Task instructions –
In the records below, find the line with "فالعلم والتصديق يتفاضل" and the line with "Ретро-свитера с открытыми"; return exactly those lines and every line between them.

Supplied records –
*** Block opens ***
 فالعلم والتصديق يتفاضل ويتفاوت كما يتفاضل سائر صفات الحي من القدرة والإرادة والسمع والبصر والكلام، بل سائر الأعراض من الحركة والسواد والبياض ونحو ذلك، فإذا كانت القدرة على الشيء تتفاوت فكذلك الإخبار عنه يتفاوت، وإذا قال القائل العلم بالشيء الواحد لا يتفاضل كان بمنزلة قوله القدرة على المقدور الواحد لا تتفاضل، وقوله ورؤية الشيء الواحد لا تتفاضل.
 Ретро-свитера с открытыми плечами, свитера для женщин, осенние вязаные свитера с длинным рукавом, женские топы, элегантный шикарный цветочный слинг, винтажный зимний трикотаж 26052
*** Block closes ***
*** Block opens ***
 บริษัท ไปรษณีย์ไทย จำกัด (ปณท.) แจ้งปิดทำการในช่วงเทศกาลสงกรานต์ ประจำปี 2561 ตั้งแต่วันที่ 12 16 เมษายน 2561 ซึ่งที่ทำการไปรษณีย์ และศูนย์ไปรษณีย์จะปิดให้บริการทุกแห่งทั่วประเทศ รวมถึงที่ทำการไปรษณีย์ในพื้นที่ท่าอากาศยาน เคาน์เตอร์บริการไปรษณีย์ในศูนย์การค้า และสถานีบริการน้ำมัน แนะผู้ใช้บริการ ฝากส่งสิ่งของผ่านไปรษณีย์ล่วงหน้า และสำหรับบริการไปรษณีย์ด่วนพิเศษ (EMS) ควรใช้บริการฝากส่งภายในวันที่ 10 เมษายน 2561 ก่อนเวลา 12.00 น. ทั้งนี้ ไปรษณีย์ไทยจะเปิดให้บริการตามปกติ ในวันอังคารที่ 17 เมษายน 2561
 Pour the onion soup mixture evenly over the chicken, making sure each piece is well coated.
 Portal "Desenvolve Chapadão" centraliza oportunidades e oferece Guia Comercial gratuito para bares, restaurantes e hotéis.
*** Block closes ***
Solution for this task –
 فالعلم والتصديق يتفاضل ويتفاوت كما يتفاضل سائر صفات الحي من القدرة والإرادة والسمع والبصر والكلام، بل سائر الأعراض من الحركة والسواد والبياض ونحو ذلك، فإذا كانت القدرة على الشيء تتفاوت فكذلك الإخبار عنه يتفاوت، وإذا قال القائل العلم بالشيء الواحد لا يتفاضل كان بمنزلة قوله القدرة على المقدور الواحد لا تتفاضل، وقوله ورؤية الشيء الواحد لا تتفاضل.
 Ретро-свитера с открытыми плечами, свитера для женщин, осенние вязаные свитера с длинным рукавом, женские топы, элегантный шикарный цветочный слинг, винтажный зимний трикотаж 26052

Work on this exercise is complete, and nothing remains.